The Complexity of Manipulating $k$-Approval Elections

TL;DR

This paper investigates the computational complexity of manipulation in $k$-approval and related election systems, revealing a classification of these problems and uncovering connections to graph theory.

Contribution

It generalizes the complexity analysis of election manipulation to infinitely many scoring protocols and unbounded candidates, providing a comprehensive classification.

Findings

Problems are classified as polynomial-time solvable, NP-hard, or equivalent to other problems.

Established a connection between election manipulation and graph theory problems.

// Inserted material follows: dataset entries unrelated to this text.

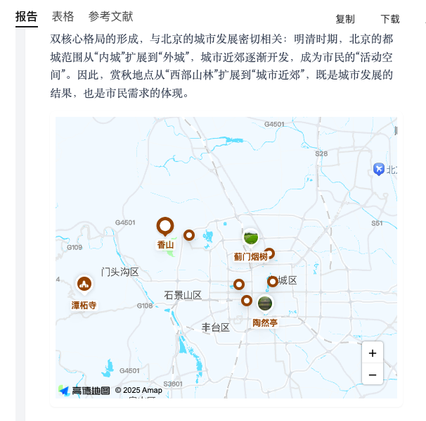 恰好,识典古籍平台在近期上线了“北京旧志数据库”,各区县的方志都实现了数字化。深度研究助手可以几分钟生成可溯源的“古籍版北京赏秋地图”。每一个地名都附可点击的引文出处,能回到原文上下文。挖出的都是“文献印证的小众去处”,帮我们绕开扎堆。
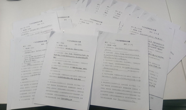 測試試題包括填空題和簡(jiǎn)答題兩大部分共50道題,內容涵蓋了黨的十九大報告的核心論斷,通過(guò)本次知識測試活動(dòng),大家紛紛表示要增強學(xué)習的主動(dòng)性和積極性,學(xué)以致用,進(jìn)一步深刻領(lǐng)會(huì )黨的十九大精神實(shí)質(zhì)。
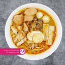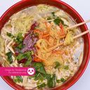Fragrant rice noodles in a rich, spiced coconut curry, topped with fresh herbs and vegetables.
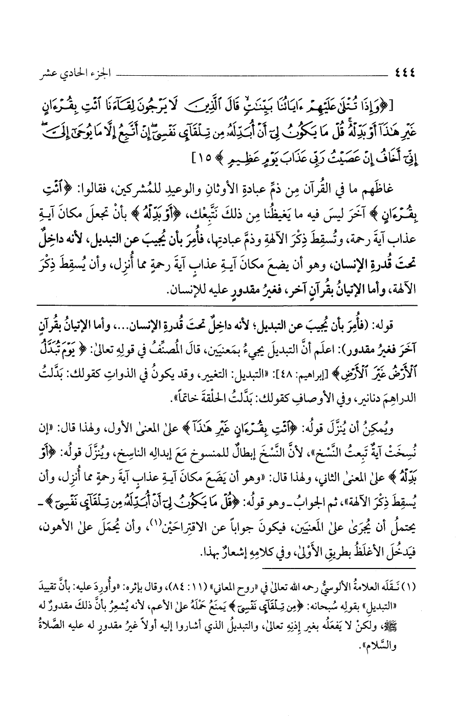 [(وَإِذا تُتْلى عَلَيْهِمْ آياتُنا بَيِّناتٍ قالَ الَّذِينَ لا يَرْجُونَ لِقاءَنَا ائْتِ بِقُرْآنٍ غَيْرِ هذا أَوْ بَدِّلْهُ قُلْ ما يَكُونُ لِي أَنْ أُبَدِّلَهُ مِنْ تِلْقاءِ نَفْسِي إِنْ أَتَّبِعُ إِلاَّ ما يُوحى إِلَيَّ إِنِّي أَخافُ إِنْ عَصَيْتُ رَبِّي عَذابَ يَوْمٍ عَظِيمٍ) 15].
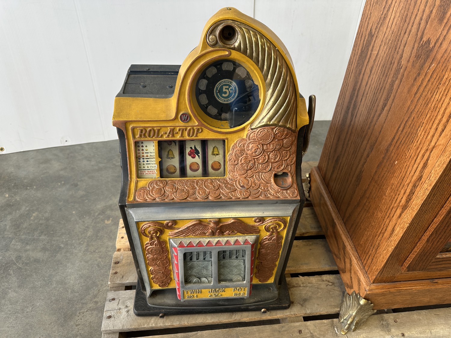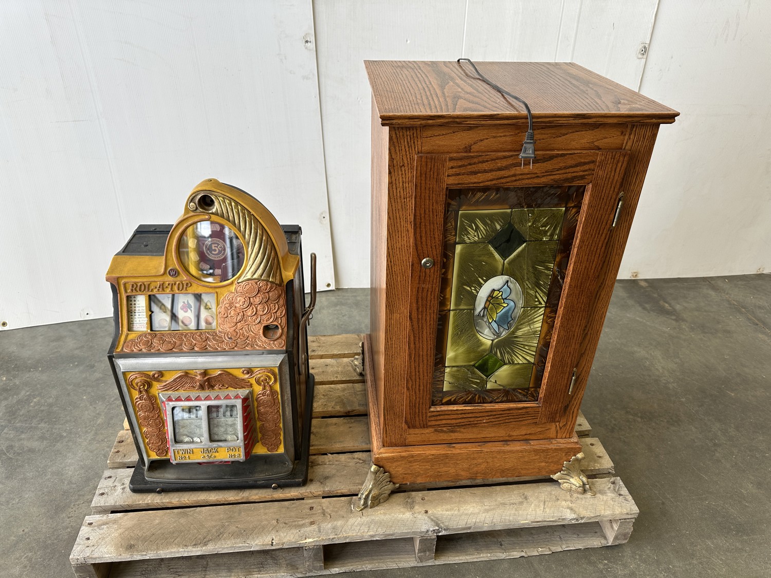 1937 Watling Five Cent "Rol-a-Top" Slot Machine and Cabinet
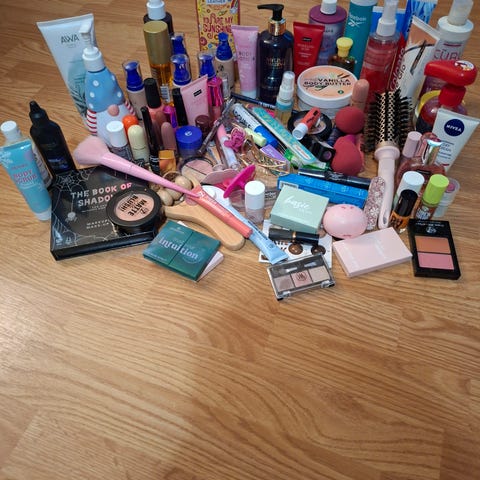 Vasemmalla olevat tuotteet ovat uusia ja täysin käyttämättömiä:Keltainen peitevoide, pieni rasia, 2 sientä, tuubi, 6 sivellintä
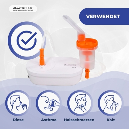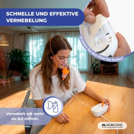 KOMPAKT UND LEICHT: Dank seiner geringen Größe und seines geringen Gewichts lässt es sich einfach verstauen, transportieren und überall verwenden. Dank der schnellen Vernebelung von 0,2 ml/min und einem Restvolumen von ca. 3,9 ml wird das Medikament optimal genutzt. Die gleichmäßige Vernebelung ermöglicht eine komfortable und schnelle Inhalation.
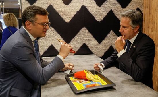 Дмитрий Кулеба и Энтони Блинкен в "Макдоналдсе". Видимо, важной скрепе "западного мира", по мнению многих ловцов стеклянных бус.
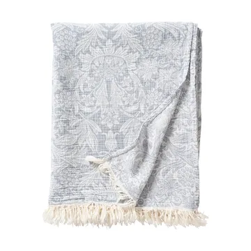 Sunflower manta 140x200 cm da Klippans yllefabrik da Suécia é feita de algodão com um padrão clássico desenhado por William Morris. A manta macia é perfeita como detalhe de decoração, ao mesmo tempo em que é deliciosa para envolver os ombros em uma noite fresca de verão.

Extended previous fixed-candidate results to unbounded candidate scenarios.

Abstract

An important problem in computational social choice theory is the complexity of undesirable behavior among agents, such as control, manipulation, and bribery in election systems. These kinds of voting strategies are often tempting at the individual level but disastrous for the agents as a whole. Creating election systems where the determination of such strategies is difficult is thus an important goal. An interesting set of elections is that of scoring protocols. Previous work in this area has demonstrated the complexity of misuse in cases involving a fixed number of candidates, and of specific election systems on unbounded number of candidates such as Borda. In contrast, we take the first step in generalizing the results of computational complexity of election misuse to cases of infinitely many scoring protocols on an unbounded number of candidates. Interesting families of systems include $k$-approval and $k$-veto elections, in which voters distinguish $k$ candidates from the candidate set. Our main result is to partition the problems of these families based on their complexity. We do so by showing they are polynomial-time computable, NP-hard, or polynomial-time equivalent to another problem of interest. We also demonstrate a surprising connection between manipulation in election systems and some graph theory problems.